Charlotte-based Red Cedar Capital Partners has locked in a $75 million investment that the company says will speed up its expansion into build-to-rent and multifamily projects across the Southeast and Midwest. The fresh capital positions the hometown developer to roll out more rental neighborhoods at a time when demand for professionally managed single-family rentals is surging in fast-growing Sun Belt metros.
According to the Charlotte Business Journal, the funding, reported March 10, will be put to work across Red Cedar’s entire vertical platform, from land acquisition and site work to construction and lease-up. The outlet highlighted the Kelly Ridge rental townhome community, a northwest Charlotte project the company is developing, with a photo of the neighborhood.
Red Cedar Doubles Down on Built-to-Rent
Red Cedar’s investor-facing materials outline a formal “Built to Rent Partnership” program that pitches the company’s development, construction and asset-management capabilities to institutional players. The site lists northwest Charlotte among its active regions and shows the firm’s headquarters at 1710 Camden Road. Red Cedar Homes says it offers turnkey services for partners that want scale in the rental market.
Institutional Partners and Pipeline
Red Cedar already has institutional capital backing its projects in Charlotte. Atlanta-based NEWSTAR has announced several single-family rental partnerships with Red Cedar, including the 159-home Long Farm project and a northwest Charlotte townhome neighborhood, per PR Newswire. Industry coverage notes that Charlotte ranks among the nation’s busiest built-to-rent markets, a dynamic that helps explain investor appetite for the company’s growth plans, according to The Real Deal.
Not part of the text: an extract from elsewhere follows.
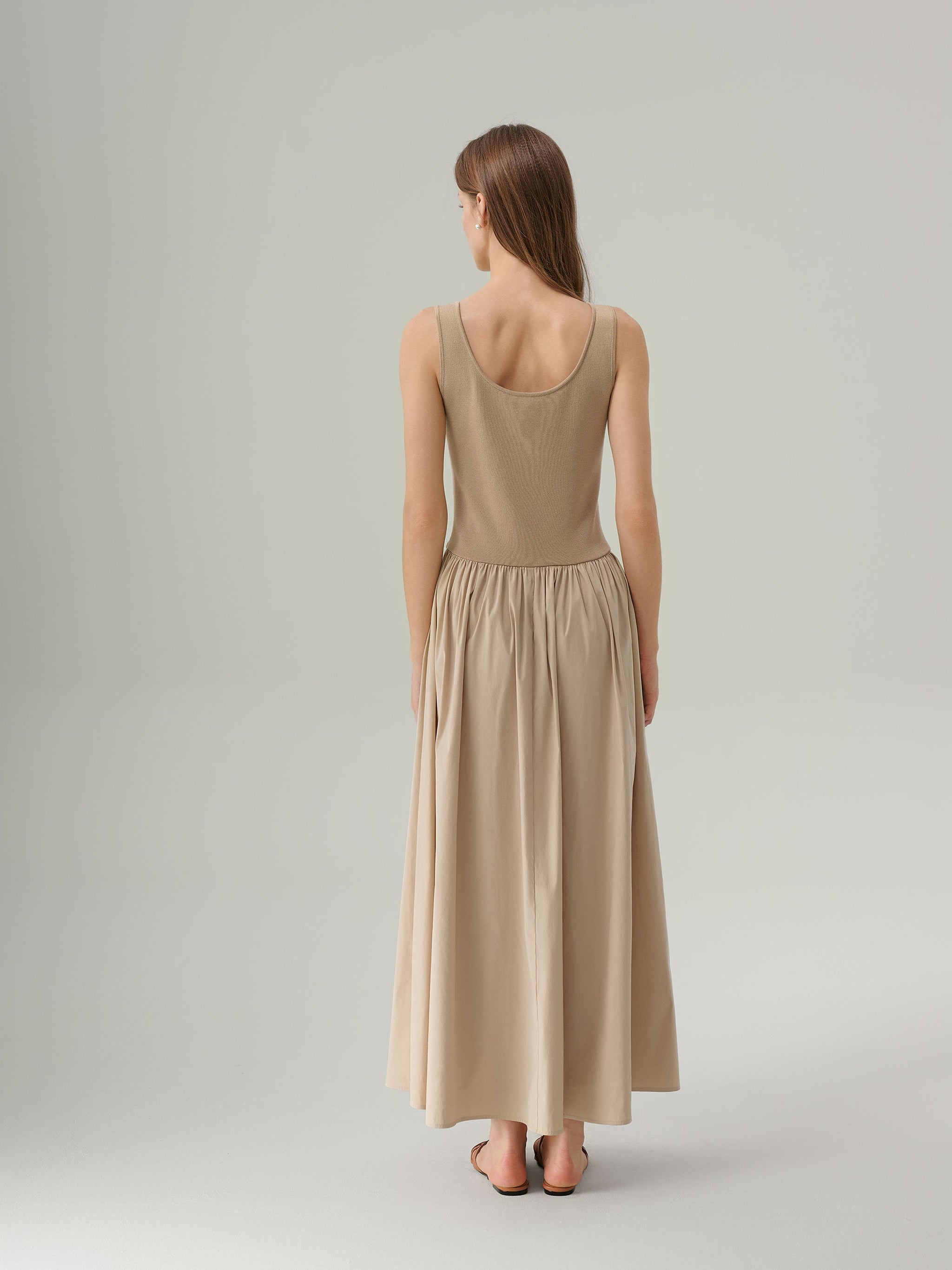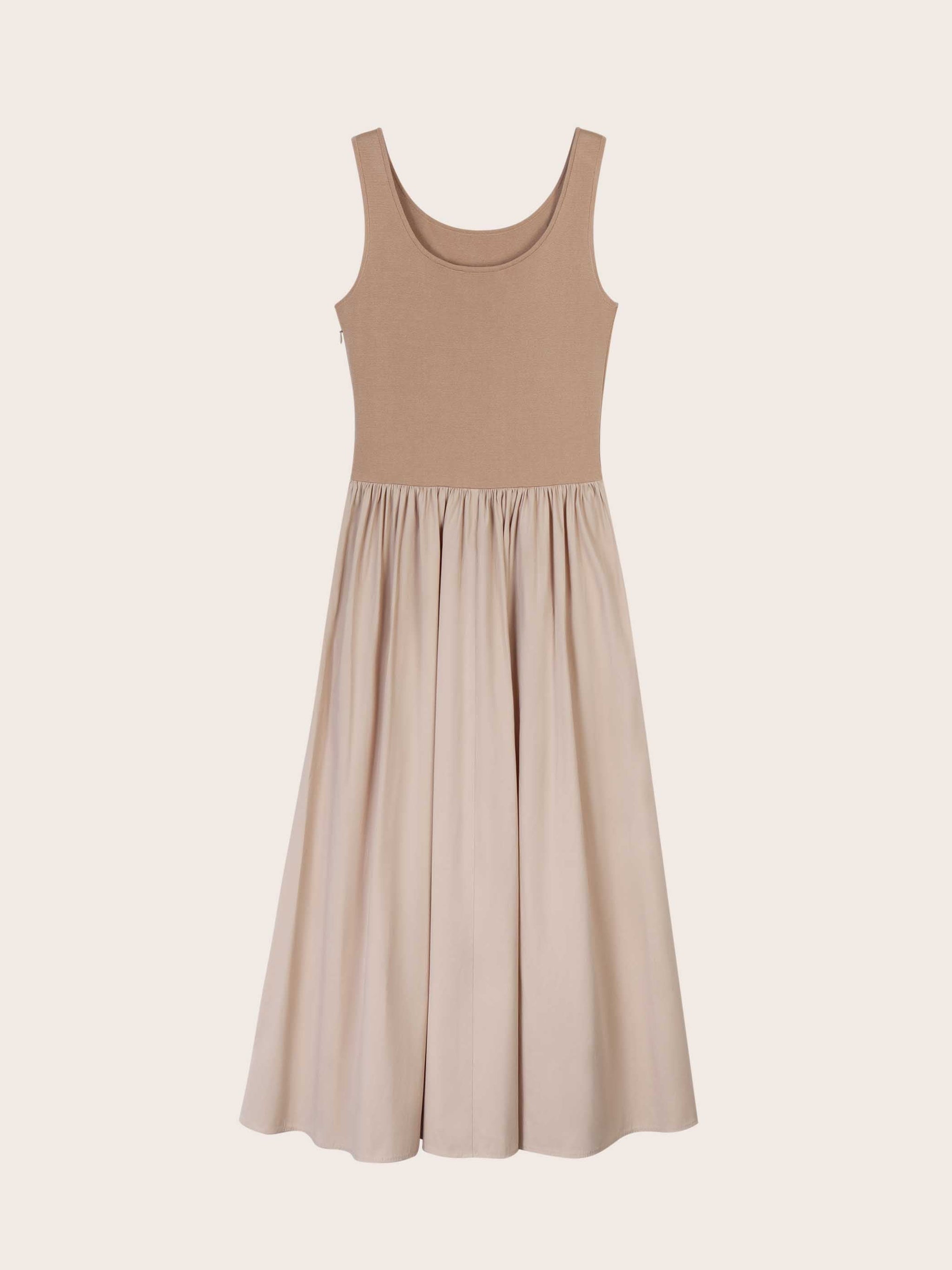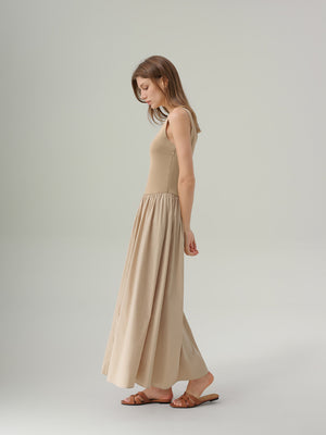 Elegant and easy, the Madeline Tank Top Maxi Dress is a sleeveless fit-and-flare midi that flatters a range of body types. A scoop neckline and contoured bodice create a clean, elongating silhouette, while the gathered skirt adds volume and fluidity. Finished with a hidden side zipper for ease, it moves effortlessly between casual days and elevated occasions with just a change of accessories.

What This Could Mean for Charlotte
Company leaders told reporters the new capital will support more lot acquisitions, housing starts and joint ventures that could speed up delivery of professionally managed rental homes in Charlotte’s suburbs. The Charlotte Business Journal frames the raise as part of a broader shift in which builders and investors are pivoting toward purpose-built rentals as inventory constraints and affordability pressures continue to hang over the market.